The Hamilton Farmers' Market was founded in 1837 is located within a large multi-faceted complex in downtown Hamilton, Ontario called Lloyd D. Jackson Square on the corner of James Street & York Boulevard. It is an indoor market known well by locals for its variety of foods and products, produced both locally and from around the world. In 2007 a proposal of $5.1-million for renovation was made.

==History==
The Hamilton Farmers' Market is a heritage institution founded in 1837, at the corner of York & James Streets. Andrew and Mary Miller transferred a small parcel of land to the President and Board of Police of the Town of Hamilton, to be utilized specifically for a market.

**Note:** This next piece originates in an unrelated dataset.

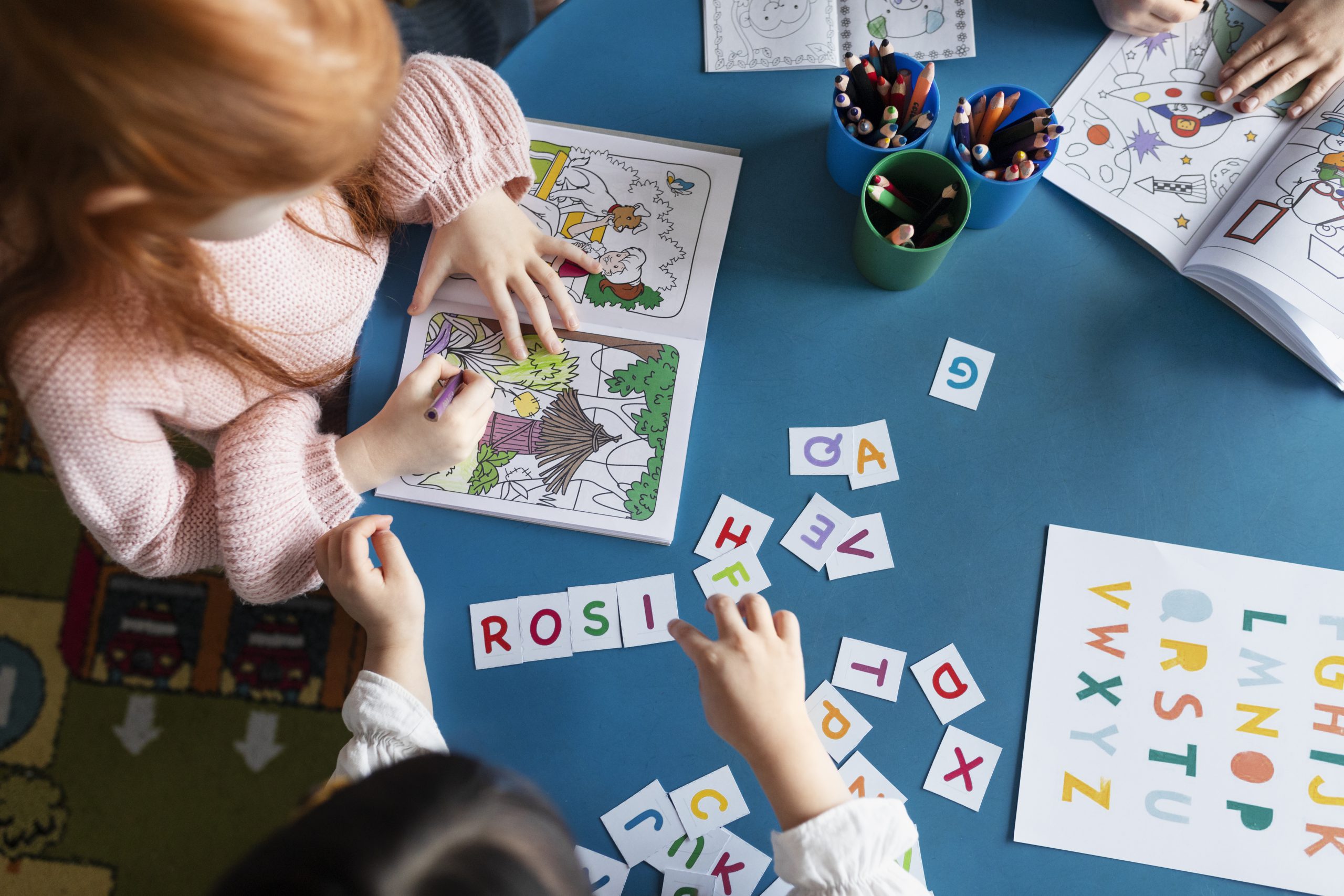 A cozy and inviting space that promotes early literacy through storytelling, picture books, and phonics sessions.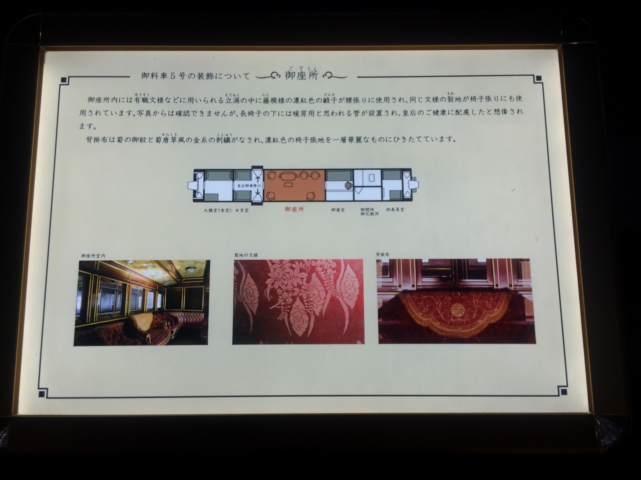 建物は国産の鉄道施設としては最初のころの建物のようです。工場の中には明治天皇がお使いになっていた御料車と皇后さまの御料車の二つが展示されています。内部は公開されていませんが窓越しに見るだけですが、日本の伝統工芸の粋を終結させた素晴らしい装飾が施されています。

The details of the land transfer are murky. The history of the Hamilton Farmers' Market, Michael Quigley's On the Market published by the Head of the Lake Historical Society in 1987 says, "The origins of the market lie in a tangled swamp of land speculation deals, political rivalries, sharp practices and legal chicanery among the principals, many of them revered founding fathers of Hamilton."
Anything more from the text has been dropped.